そんなある日。主人公の男子は一人の転校生に惹き付けられる。畑の植物が枯れていくのは地球滅亡の予兆だ。人間のせいだ。人間がいなきゃいいんだ。誇大妄想に取り付かれた天文少女。彼は少女に恋をする。将来のことなんてまともに考えたこともない楽観主義者の彼にとって、地球を憂う彼女はまさにミステリー(しかし実は、等身大の人生を考えることから逃避している点で、この二人は相似形だ)。

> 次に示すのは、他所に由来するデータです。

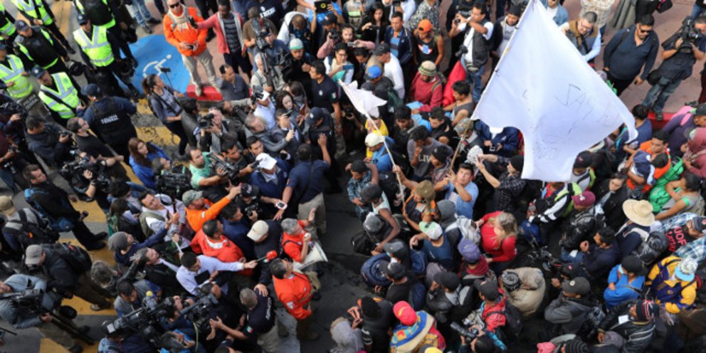 Ο Έντγκαρ Κόρσο, στέλεχος της επιτροπής ανθρωπίνων δικαιωμάτων του Μεξικού, απευθύνθηκε στο πλήθος χρησιμοποιώντας μεγάφωνο, ενημερώνοντας τους μετανάστες ότι μπορούν να ζητήσουν άδεια παραμονής και να ψάξουν δουλειές στο Μεξικό. Πολλοί φώναξαν ότι δεν θέλουν. Πολλοί πήγαν στο σημείο με κουβέρτες, προφανώς εννοώντας να περιμένουν όλη τη νύχτα. Παιδιά έκλαιγαν, κάποια διαμαρτύρονταν πως κρυώνουν.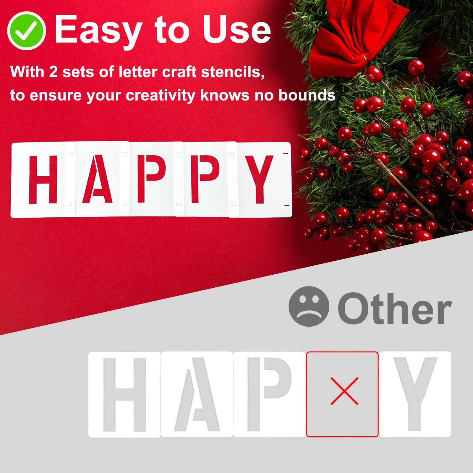 【Package Contents】You will receive 72 reusable painting stencils, 30% more than similar market products! Includes 2 sets of uppercase letters (A–Z, 26 pieces each) and 2 sets of number stencils (0–9). This rich combination enables you to easily create various DIY art projects. With 2 sets of letter and number craft stencils, to ensure your creativity knows no bounds.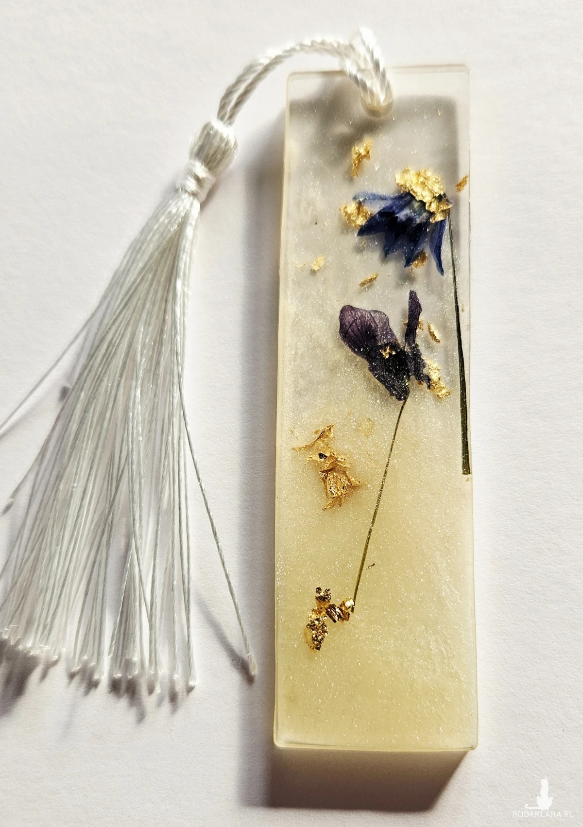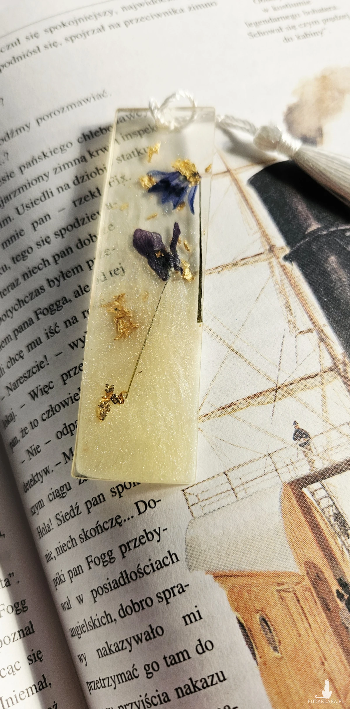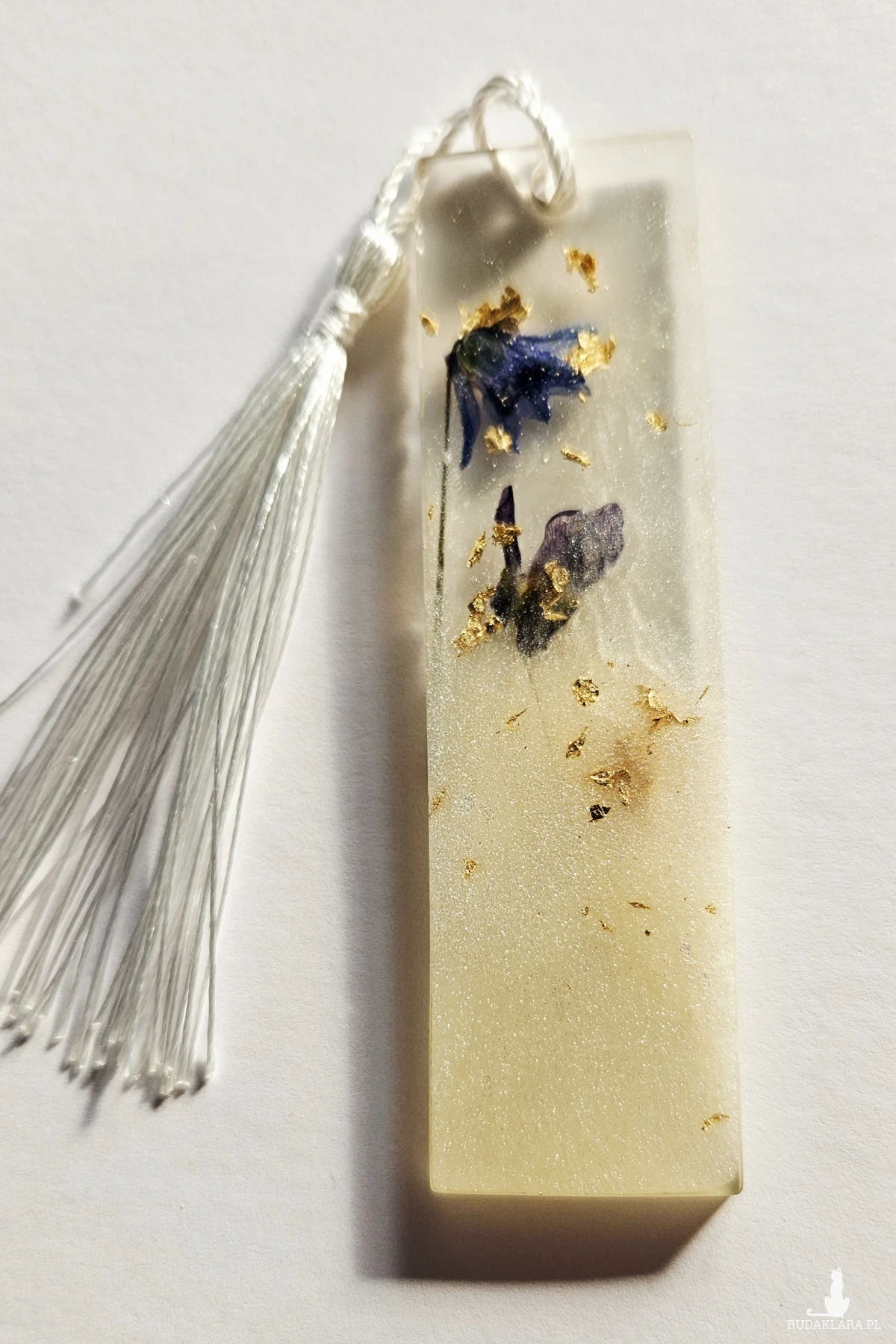 Zakładka z żywicy epoksydowej z fiołkiem i dzwonkiem złotem M25

そこにMr.留年と呼ばれるちょっと風変わりな(帰国子女らしく、ライ麦畑でつかまえて、を原著で読んでたりするんだけど、英語以外の勉強はさっぱり、というか勉強に意味なんてないよね〜みたいな諦観にとらわれた)男も絡んでくる(彼はそんな自分をホールデンに重ね合わせている)。

少女に焦がれつつ、Mr.留年をめんどくさがりつつ、それでもなんとなく過ぎていく主人公たちの日々。しかしある日、それを一気に転倒させる出来事が起きる。

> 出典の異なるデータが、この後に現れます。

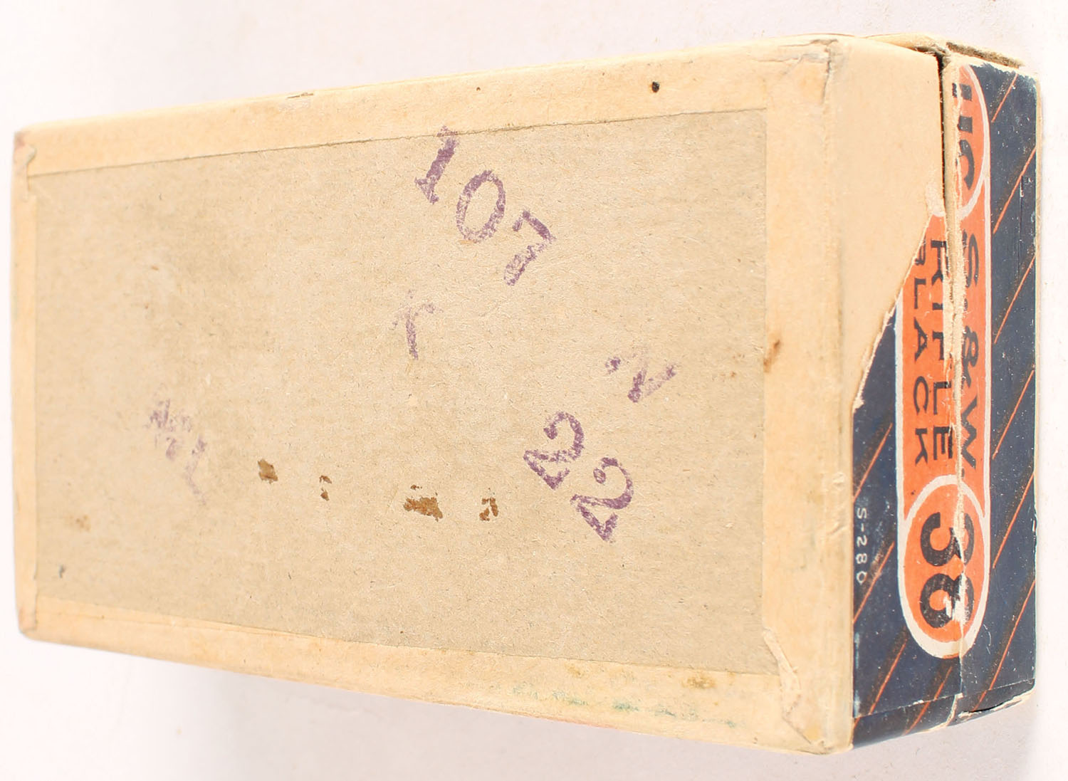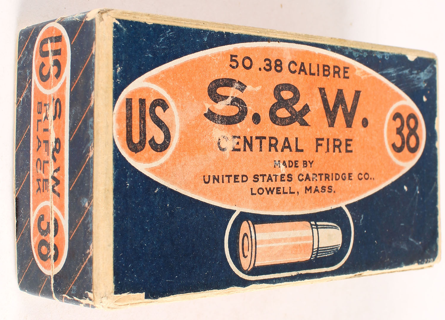 U.S., Central Fire, .38 Smith & Wesson, Black Powder, Full, 2pc. Buff box with blue/orange top & side sealing labels, box is solid with very good color, minor age soiling, vertical seam split to front right corner, partial seam split to top front edge, corner wear, very minor edge wear, side sealing label is 99% intact, ammo is very good to excellent. Grade: Very Good ++ - Value: 16 to 60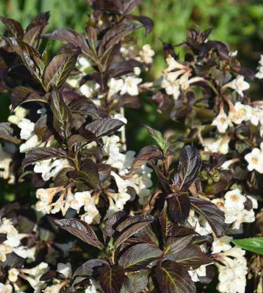 After a couple of years of struggling, weigela ‘Courtacad 1′ (Black and White’), is settling in. I have added a few more weigelas this year and will feature them soon. They are a bit unfashionable and old-fashioned and it is true that they don’t flower for long. But breeders have been busy expanding the colour range, producing some that rebloom later in summer and to produce forms with variegated leaves and more compact habits. All of which should make them more popular. A feature of these new kinds that I don’t like is that the flowers are small and more tubular. But provided they are not dwarfed so much that they only have enough vigour to grow in a pot of compost and can’t cope with garden conditions (a common fault with some new plants) I won’t be too critical. This one is interesting and at least when the flowers die the brown blooms are not as obvious against the dark foliage as they would be against green! It is compact and should only reach about 45cm high and about twice as wide. Mine is that high after three years but has not yet developed middle-age spread and is rather upright. I like it in a curious way.

星座を破壊せよ。星と星の間に、新しい一本の線を引け。

残された言葉に破壊されるように、少年と少女のモラトリアムは破綻する。そして彼と彼女は、、、

例によってラストシーンではうっかり涙ぐんでしまう。人物配置の妙、退屈さと倦怠を象徴するロケーションハンティングの妙、ゆさぶりどころを心得たシナリオ、そして(安いながらも)丁寧なカメラ、映画の隅々から、登場人物に対する井土さんの愛が伝わってくる。

井土さんの作品を見ていると、つくづく自分は何のために表現に関わっているのかと考えてしまう。村上春樹は、それを「卵の側に立つ」と表現した。しかしいま、本気で卵の側に立とうとしているのは誰なのだろうか。僕は本気で、そちらに立とうとしているだろうか。自省しつつただ、井土さんが数少ない「本気」の人の一人であることを、僕は疑ったことがない。

この日は最終日ということで(じゃなくてもいつもいるのかな笑)、井土さんも劇場にきていた。上映前の挨拶を今も思い出す。録音したわけではないので細部は違うと思うが、おっしゃっていたのは以下のようなこと。

映画一揆に参加してくれた人たちの中から強いゲリラがでてくることを望む。
僕もますます、強いゲリラになる。

うん。僕も強いゲリラになろう。自分がアートや音楽に関わるようになった原点は何だったのかを忘れないようにしよう。ぶれず。ゆるがず。